Mikroenjeksiyon yöntemi tedavisinde sürecin ilk aşamaları ve son aşamalarıyla tüp bebek tedavisi benzerlik göstermektedir. Ancak her ne kadar çoğu aşamada klasik tüp bebek yöntemiyle benzerlik gösterse de tercih edildiği durumlar farklılık gösterir. Klasik tüp bebek yöntemi yerine mikroenjeksiyon yönteminin tercih edildiği durumlar genellikle aşağıdaki gibidir.
- Daha önceki tüp bebek denemelerinde başarısız olmak: Çiftler doğal yollarla gebe kalamadığında, bireylerin sağlık koşulları elveriyorsa öncelikli olarak tüp bebek tedavisi uygulanır. Ancak daha önce birkaç defa tüp bebek tedavisi yapıldığı halde başarısız olunduğunda, başarı şansını arttırmak için mikroenjeksiyon tekniği tercih edilir.
- Tüp bebekle gebe kalma ihtimalinin çok düşük olduğu durumlarda: Yumurta rezervinin düşük olması ya da sperm kalitesinin düşük olması gibi tüp bebek yöntemi ile bile gebe kalma ihtimali düşük olan bireyler için uzmanlar işi şansa bırakarak eldeki sağlıklı üreme hücrelerini riske atmak istemezler. Bu nedenle spermin yumurtayı döllemesini beklemek yerine doğrudan yumurta içerisine enjekte etmeyi tercih ederler.

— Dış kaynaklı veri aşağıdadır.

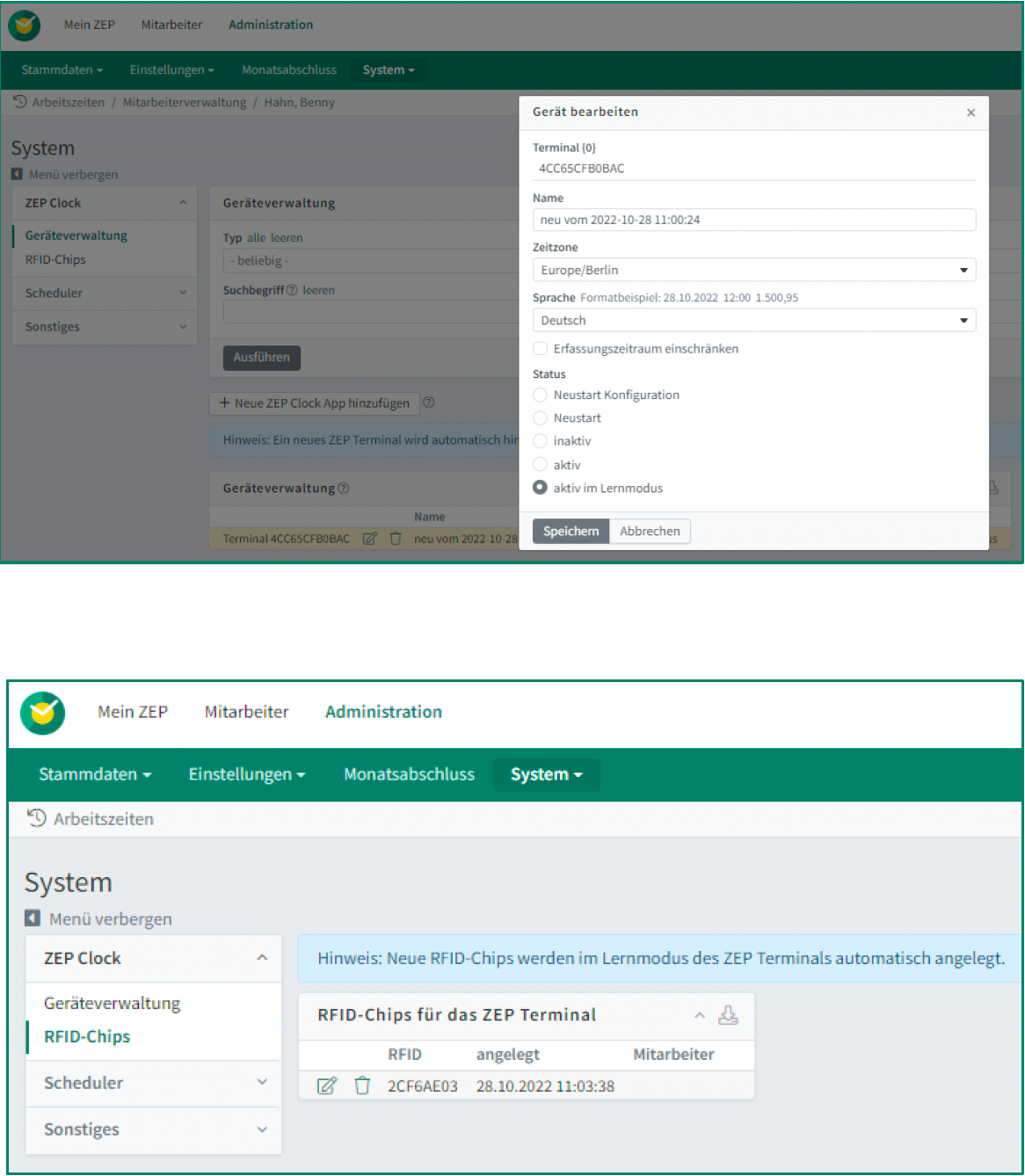 Da die RFID-Nummer in ZEP noch unbekannt ist und das Terminal aktiv im Lernmodus ist, wird sie in ZEP registriert (angelegt). Sie sehen diese dann in ZEP unter Administration > System > RFID-Chips.

- Erkekte düşük sperm sayısı: Yapılan spermiogram testi sonucunda 1ml menide 15 milyondan daha az sperm bulunması durumuna sperm sayısı azlığı ya da oligospermi denir. Oligospermi döllenme olasılığını düşürerek kısırlığa sebep olabilir. Böyle bir problem karşısında doktorunuz mikroenjeksiyon ile döllenmeyi tavsiye edebilir.
- Erkekte bozuk sperm morfolojisi: Tüp bebekte spermlerin yumurtayı dölleyebilmesi için sağlıklı olması gerekir. Ancak bazı erkeklerde spermler yapı olarak farklılık gösterir, yani anormaldir. Spermlerdeki morfolojik bozukluk döllenmeyi olumsuz etkileyerek kısırlığa sebep olabilir. Mikroenjeksiyon ile alınan sperm örnekleri arasından en sağlıklısı seçilerek yumurtaya enjekte edilir ve gebelik olasılığı en üst seviyeye çıkarılır.
- Erkekte sperm hareketliliği: Spermiogram testi sonucunda bazen spermlerin yumurta kanalına ulaşacak ve dişi üreme hücresini dölleyebilecek hareketliliğe sahip olmadığı ortaya çıkabilir. Hareketlilik konusundaki problem sadece doğal yolla döllenme değil, tüp bebek yönteminin de önünde büyük bir engeldir. Böyle bir durumda yapılacak en doğru şey spermin doğrudan yumurta hücresi içerisine enjekte edilmesi olacaktır.
Anne ve baba olmak, minik yavrularını kucaklarına almak ve onu sevgiyle büyütmek her çiftin hayalidir. Gelişen teknoloji, tıbbi imkanların ve yöntemlerin artmasıyla birlikte geliştirilen mikroenjeksiyon yöntemi çiftler için bir umut kaynağı olmuştur. Birçok kadının başarılı bir şekilde gebe kalmasını ve çiftlerin sağlıklı bir şekilde bebeklerini dünyaya getirmesini sağlayan bu yöntem tüm dünyada güvenle uygulanmaktadır.